2. Pourquoi chacun réagit-il différemment aux crises ? Pourquoi certains cèdent-ils au désespoir tandis que d’autres en ressortent grandis ?

La manière dont on réagit à une crise dépend fondamentalement de deux facteurs : de l’environnement, du soutien offert par la famille et les amis, bien sûr, mais aussi de la structure de la personnalité. Une personne ouverte, sociable et curieuse a souvent plus de facilités à prendre de nouvelles habitudes qu’une personne qui cherche à se raccrocher anxieusement à une routine. Des résultats d’études montrent que la plupart des personnes touchées par une crise la surmontent bien : environ un tiers d’entre elles sont capables de résister aux crises ou font preuve de résilience mentale. Près de la moitié sont certes un peu déboussolées au début, mais finissent par s’adapter à la nouvelle situation en deux à trois ans environ. Seule une minorité, ce qui représente environ 10 à 20 % des personnes selon l’événement, ne s’en remet pas.

3. On dit souvent « le temps guérit les blessures ». Que se passe-t-il réellement en nous ?

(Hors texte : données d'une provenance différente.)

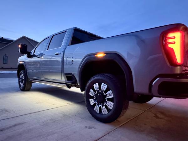 * Turn Signal In Mirrors. Power Folding Mirrors, Sunroof, Automatic Running Boards with LED Lighting, Tinted windows, Spray Liner, Tow package, and folding hard top tonneau cover. Original new tires put on truck, and have roughly 345 miles on them. Brand new windshield installed a week ago.

Toute personne confrontée à une crise ou arrivant à un tournant dans son existence doit s’adapter psychologiquement et s’ajuster à une nouvelle situation. Ce processus d’adaptation prend du temps, car il ne s’agit pas seulement de lâcher prise et de quitter quelque chose ou quelqu’un. Dire adieu à un être cher décédé ou à une profession exercée pendant de longues années et qui faisait l’identité de la personne. Il faut en même temps trouver une nouvelle identité et instaurer d’autres routines quotidiennes. Dans le passé, les scientifiques supposaient que ces différentes phases du processus de deuil ou d’adaptation se succédaient. Toutefois, les approches 

actuelles prennent de la distance avec cette logique séquentielle. Selon le modèle de double processus d’ajustement au deuil, ou « dual process model », en anglais, deux forces entrent en œuvre. Le travail de deuil se fait tourné vers le passé (orientation vers la perte ; loss-oriented), tandis que tout ce qui est tourné vers la restauration (restoration-oriented) assure une distraction. Lorsque nous digérons une perte, nous oscillons en permanence entre ces deux positions. Au début, la plupart d’entre nous est davantage tournée vers le passé. Mais avec le temps, l’orientation vers la restauration prend de plus en plus d’importance.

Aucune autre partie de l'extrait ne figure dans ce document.